[Source records]
%%

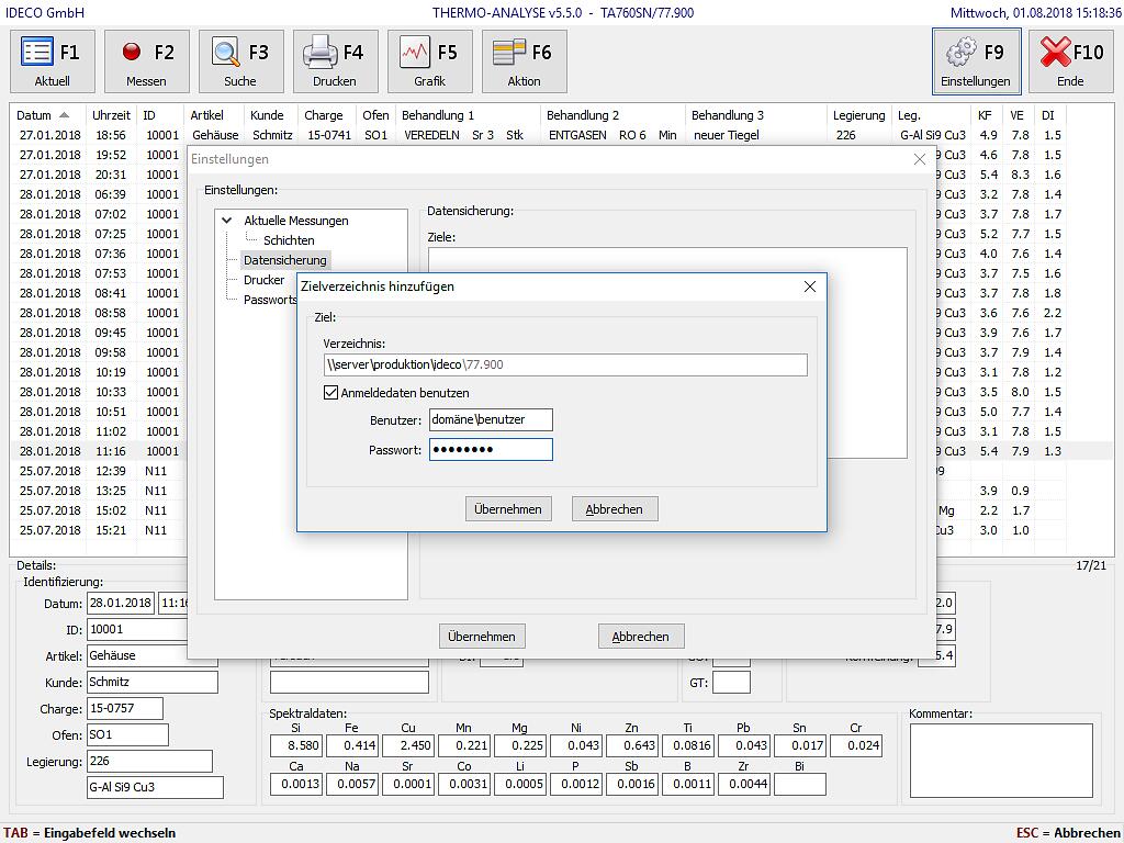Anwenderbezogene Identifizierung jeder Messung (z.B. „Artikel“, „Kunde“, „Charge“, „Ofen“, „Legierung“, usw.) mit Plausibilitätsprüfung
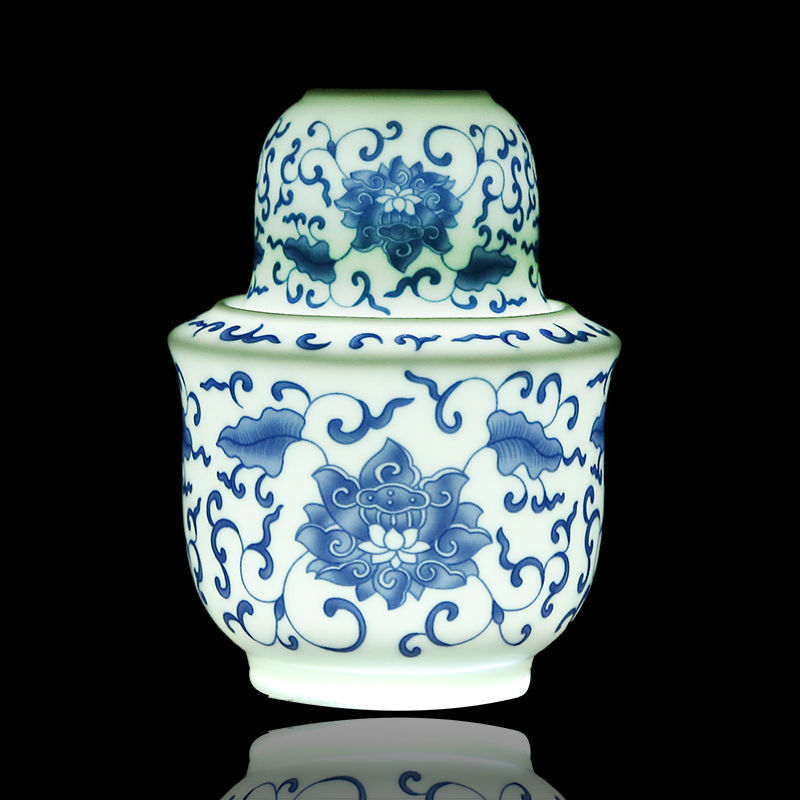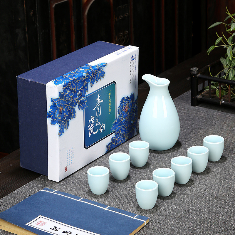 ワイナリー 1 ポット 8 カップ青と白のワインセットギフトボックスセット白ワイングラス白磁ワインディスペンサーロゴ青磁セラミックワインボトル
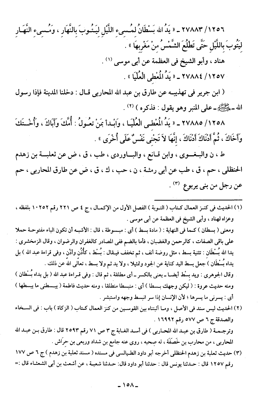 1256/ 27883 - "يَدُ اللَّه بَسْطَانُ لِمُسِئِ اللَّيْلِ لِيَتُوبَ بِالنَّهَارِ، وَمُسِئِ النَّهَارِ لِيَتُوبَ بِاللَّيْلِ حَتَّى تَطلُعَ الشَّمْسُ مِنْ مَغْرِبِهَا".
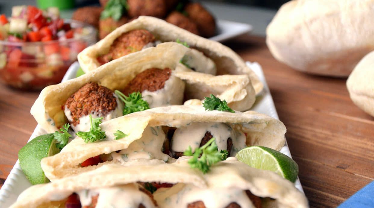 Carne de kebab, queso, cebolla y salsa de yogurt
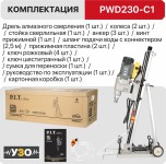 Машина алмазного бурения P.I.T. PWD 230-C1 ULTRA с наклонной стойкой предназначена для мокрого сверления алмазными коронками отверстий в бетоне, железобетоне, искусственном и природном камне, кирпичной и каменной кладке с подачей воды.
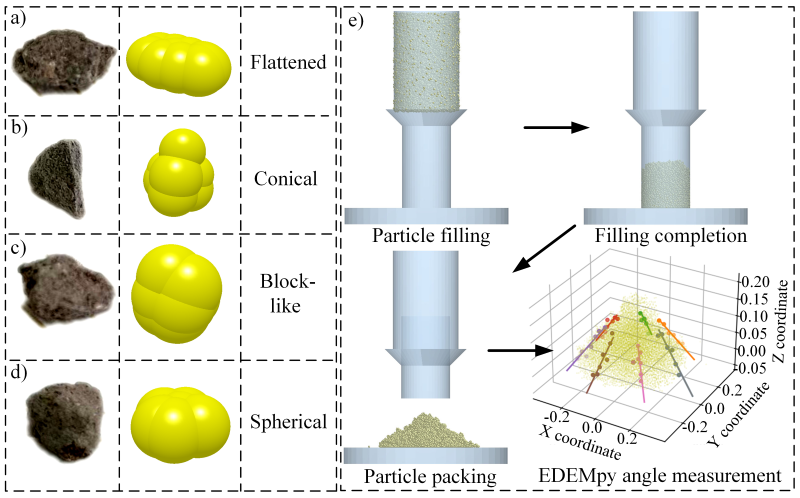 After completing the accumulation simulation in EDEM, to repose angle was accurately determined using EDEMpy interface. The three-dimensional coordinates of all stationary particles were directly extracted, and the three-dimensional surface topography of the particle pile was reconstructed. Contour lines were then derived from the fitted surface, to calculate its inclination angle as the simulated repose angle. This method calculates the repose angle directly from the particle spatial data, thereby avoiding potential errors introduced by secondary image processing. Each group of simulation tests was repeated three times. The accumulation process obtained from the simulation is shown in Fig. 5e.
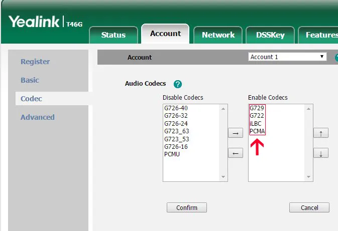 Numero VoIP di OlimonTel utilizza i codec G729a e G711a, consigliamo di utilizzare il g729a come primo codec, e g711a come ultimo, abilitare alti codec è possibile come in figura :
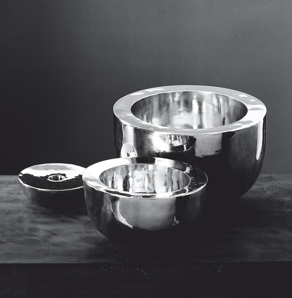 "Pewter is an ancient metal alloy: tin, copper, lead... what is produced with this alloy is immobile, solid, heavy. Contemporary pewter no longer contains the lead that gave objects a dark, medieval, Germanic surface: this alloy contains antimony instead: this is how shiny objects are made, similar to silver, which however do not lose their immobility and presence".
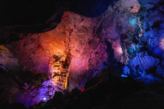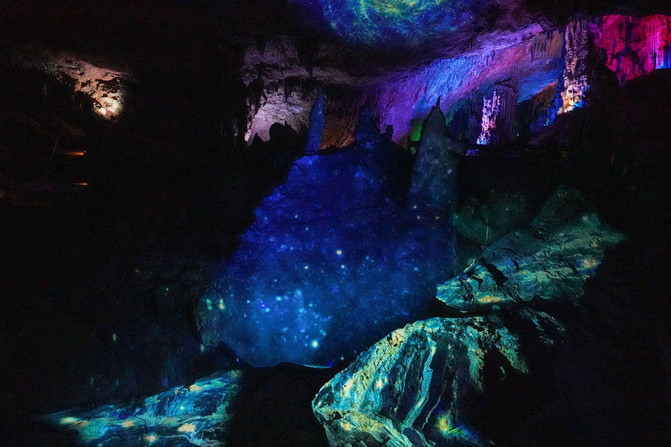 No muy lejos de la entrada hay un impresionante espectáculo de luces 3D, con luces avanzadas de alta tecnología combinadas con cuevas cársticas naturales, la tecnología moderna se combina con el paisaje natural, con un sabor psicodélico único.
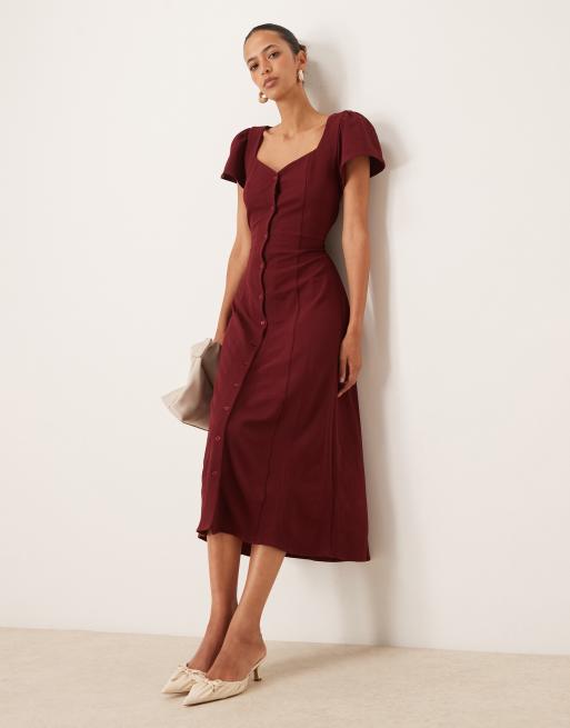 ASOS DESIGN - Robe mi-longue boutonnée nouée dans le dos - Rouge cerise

%%

◆ PROMPT ◆
Repeat, without pictures, exactly the lines of the data above from the one containing "ワイナリー 1 ポット" through the one containing "Машина алмазного бурения", including both and adding nothing.

◆ WRITTEN SOLUTION ◆
 ワイナリー 1 ポット 8 カップ青と白のワインセットギフトボックスセット白ワイングラス白磁ワインディスペンサーロゴ青磁セラミックワインボトル
 1256/ 27883 - "يَدُ اللَّه بَسْطَانُ لِمُسِئِ اللَّيْلِ لِيَتُوبَ بِالنَّهَارِ، وَمُسِئِ النَّهَارِ لِيَتُوبَ بِاللَّيْلِ حَتَّى تَطلُعَ الشَّمْسُ مِنْ مَغْرِبِهَا".
 Carne de kebab, queso, cebolla y salsa de yogurt
 Машина алмазного бурения P.I.T. PWD 230-C1 ULTRA с наклонной стойкой предназначена для мокрого сверления алмазными коронками отверстий в бетоне, железобетоне, искусственном и природном камне, кирпичной и каменной кладке с подачей воды.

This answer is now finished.